Configuration Default Meaning
I2P_CRITIC_STRICT_JSON 1 1=Strict: Retries on invalid JSON, terminates run if still fails; 0=Allows neutral fallback
I2P_CRITIC_JSON_RETRIES 2 Maximum retries after failure (Repair/Re-emit)

Common Usage:

  • Local smoke test without key: I2P_CRITIC_STRICT_JSON=0
  • Quality pursuit: Keep I2P_CRITIC_STRICT_JSON=1, and configure SILICONFLOW_API_KEY

7.2 Passing Standard Strictness (Related to Scheme B)

Configuration Default Meaning
I2P_PASS_MODE two_of_three_q75_and_avg_ge_q50 Currently implemented Scheme B; other values fallback to fixed PASS_SCORE
I2P_PASS_MIN_PATTERN_PAPERS 20 Triggers fallback when pattern paper count is below this value
I2P_PASS_FALLBACK global global=Use global distribution; fixed=Use fixed PASS_SCORE

7.3 What is the Use of the Remaining PASS_SCORE=7.0?

PASS_SCORE is now a last resort fallback, used only if you configure I2P_PASS_FALLBACK=fixed or when distributions are unavailable.


8. How to Check Logs to Confirm "Fallback/Failure"?

Every run generates a directory: Repo root log/run_YYYYMMDD_HHMMSS_<pid>_<rand>/

Focus on:

  • events.jsonl

    • Presence of critic_fallback_neutral: Indicates you allowed fallback (strict=0) and neutral fallback was triggered.
    • Presence of critic_invalid_output_fatal: Indicates strict=1 and JSON failure caused termination.
    • Presence of pass_threshold_computed: Records q50/q75, and pass judgment details.
  • llm_calls.jsonl

    • simulated=true: No key, using simulated output.
    • ok=false: Call failed.

9. Common Run Commands (Suggested to Copy)

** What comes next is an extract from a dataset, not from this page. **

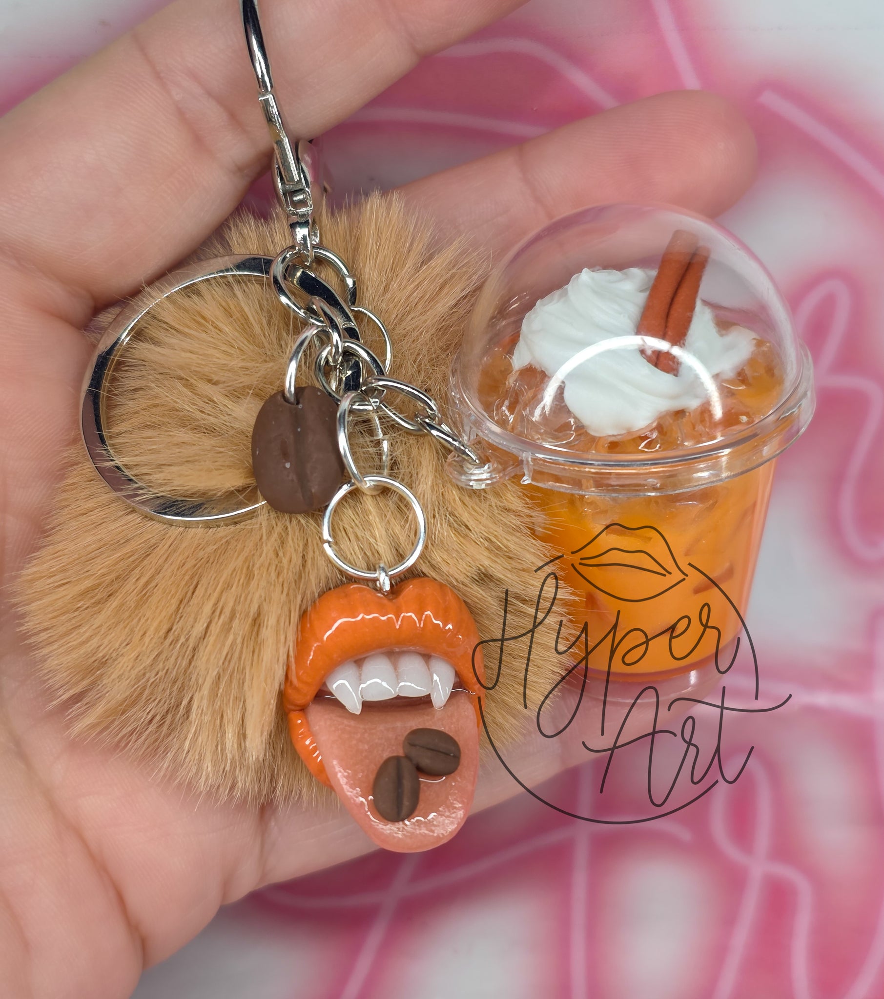 Capture attention with the Miss PSL Micro Mouth Keychain—a bold blend of mini orange drink charm with a cinnamon stick accent, accented by a striking mouth sporting vibrant orange lips. A playful touch of coffee beans on the tongue adds intrigue, while a tiny coffee bean charm completes this edgy accessory. Perfect for those who dare to mix sweetness and spice in their style.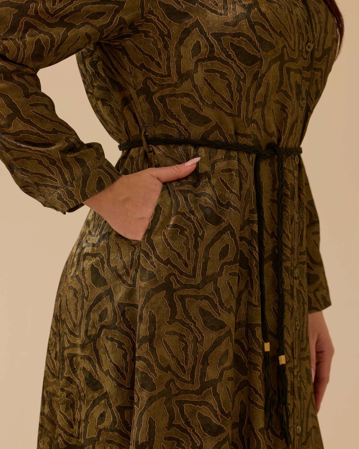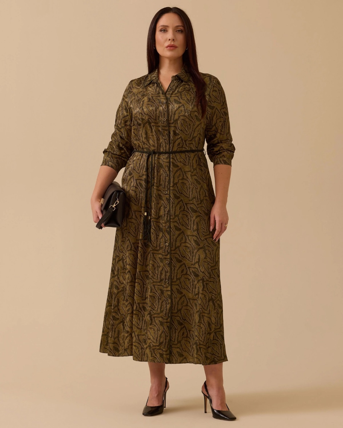 Büyük Beden Kuşaklı Desenli Elbise, şık desenleri ve ayarlanabilir kuşağıyla konforlu ve zarif bir görünüm sunar.

9.1 Local Smoke Test Without Key (Allows Fallback, Test Pipeline Only)

I2P_CRITIC_STRICT_JSON=0 python Paper-KG-Pipeline/scripts/idea2story_pipeline.py "test idea"

9.2 Quality Mode (Recommended: Strict + Real Benchmarking)

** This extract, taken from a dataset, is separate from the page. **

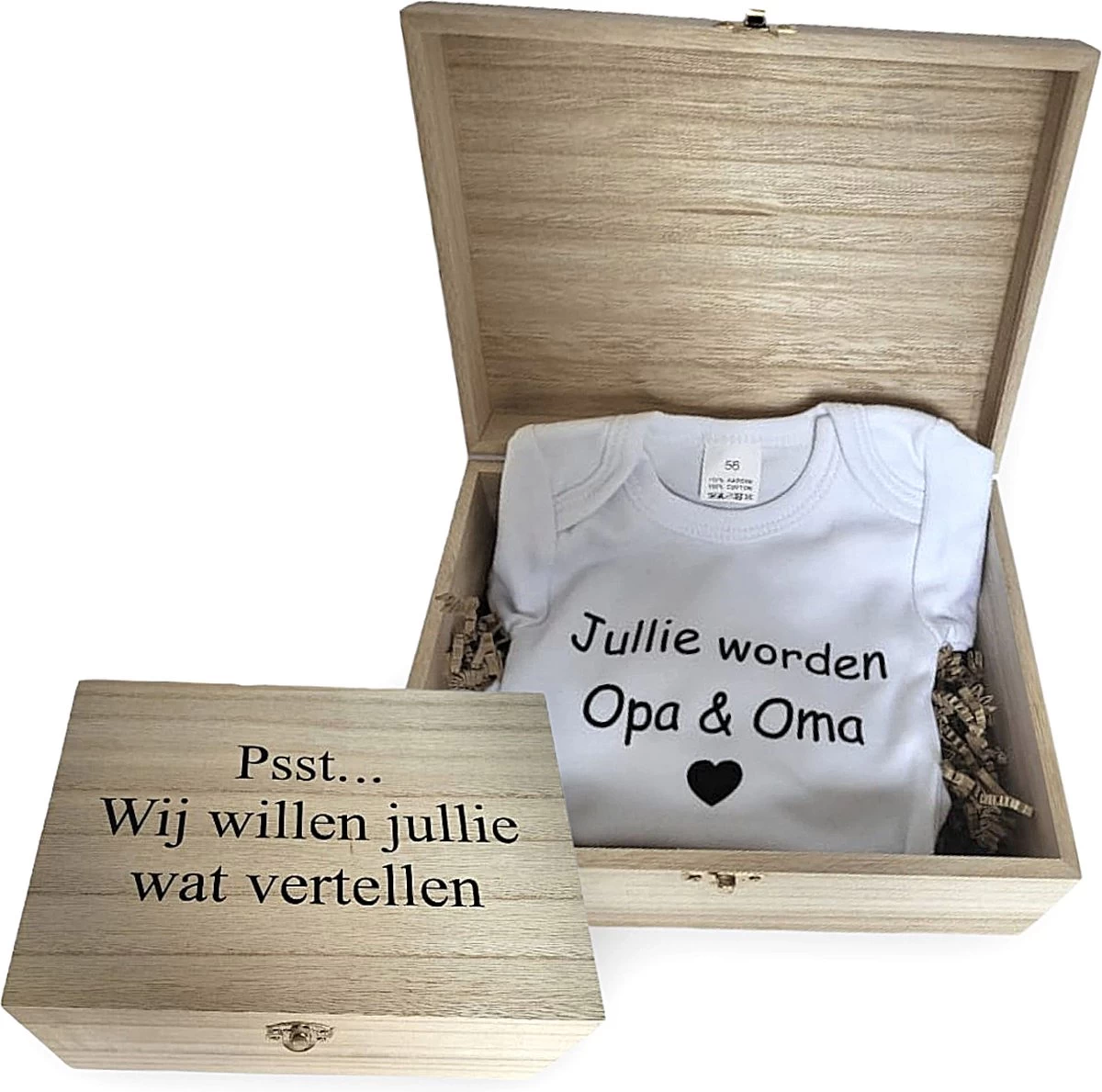 Met dit leuke houten kistje maak je er een mooi moment van om dit te vertellen.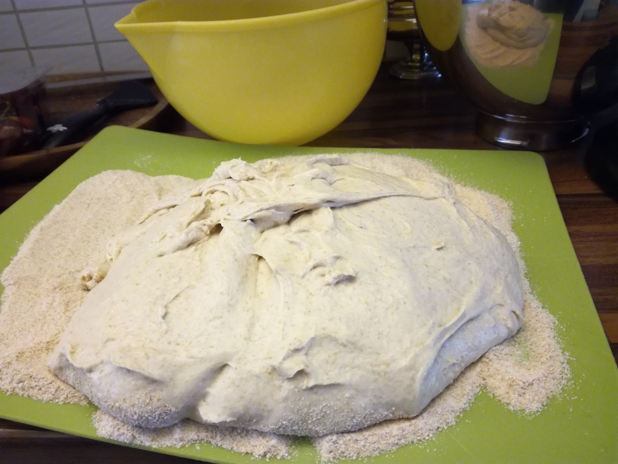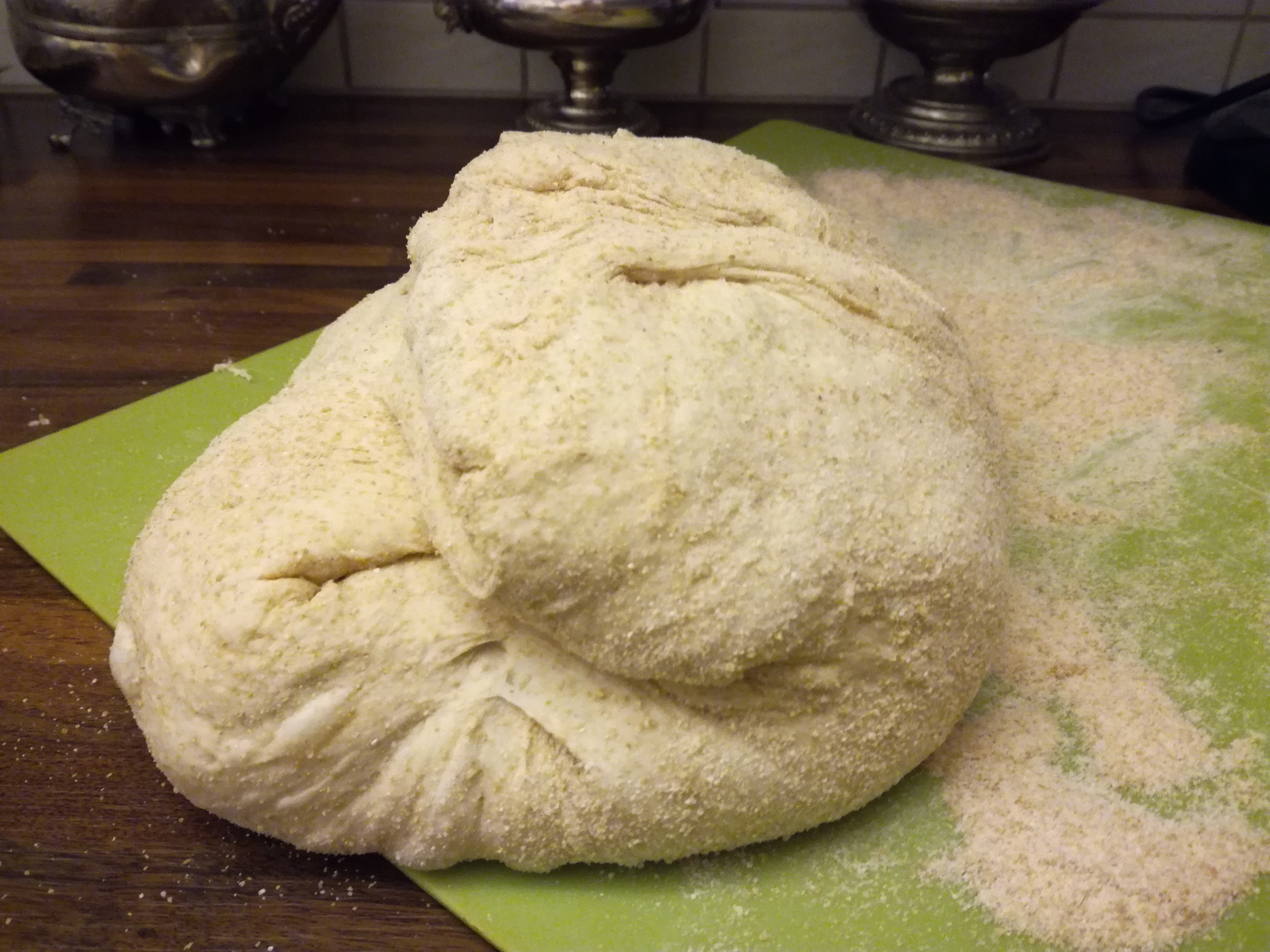 At this point, I'm taking the dough out from the bowl and softly forming it a bit to a nice ball, as I'm going to bake the bread in a pot.

export SILICONFLOW_API_KEY="your_key"
I2P_CRITIC_STRICT_JSON=1 python Paper-KG-Pipeline/scripts/idea2story_pipeline.py "your idea"

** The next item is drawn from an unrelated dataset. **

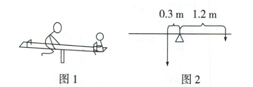 4. (2023·安徽)如图1,爸爸和小红坐在跷跷板的两侧,在水平位置保持平衡。将其简化成图2所示的杠杆,不计杠杆自重的影响,若小红的质量为$15\ kg$,则爸爸的质量为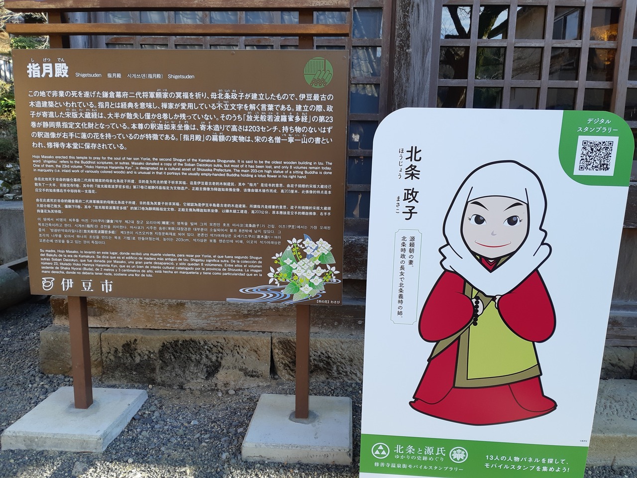 修禅寺の川を挟んだ向こう側の小高い場所にあります。修善寺には何回か行ってますが、初めて訪ねたこの指月殿は、若くして亡くなった息子の源頼家を弔う為に北条政子が建立したそうです。伊豆最古の木造建築とか。賑やかな川沿いとはうって変わり、とても静かな場所に佇んでいて空気が変わる様な気がして、悲しみが増します。鎌倉2代将軍なのに暗殺されてしまうなんて政子の悲しみはいかばかりだったか。外からでも金色に輝く釈迦如来坐像が見え、右手に蓮の花を持つ釈迦如来はとても珍しいとか。ここの絵馬は自動販売機でビックリしました。隣には頼家のお墓や家臣の十三士の墓もあります。

9.3 Adjusting "Insufficient Data Fallback Strategy" for Passing Threshold

# Use global distribution when pattern data is insufficient (Default)
I2P_PASS_FALLBACK=global ...

# Fallback to fixed PASS_SCORE when pattern data is insufficient (More conservative)
I2P_PASS_FALLBACK=fixed ...

10. How to Troubleshoot "Why is the Score Always Around 6.x?"

Common Causes:

  • LLM is not doing real work (No SILICONFLOW_API_KEY configured), or output JSON is invalid and intercepted/retried by strict mode.
  • Or the story is indeed only around the "median" compared to anchors.

Troubleshooting Order:

  1. Check log/run_.../llm_calls.jsonl for simulated=true.
  2. Check events.jsonl for critic_invalid_output / critic_fallback_neutral.
  3. Check pass_threshold_computed for q50/q75: q75 for many patterns might naturally be around 6.x (This is normal, depends on real distribution).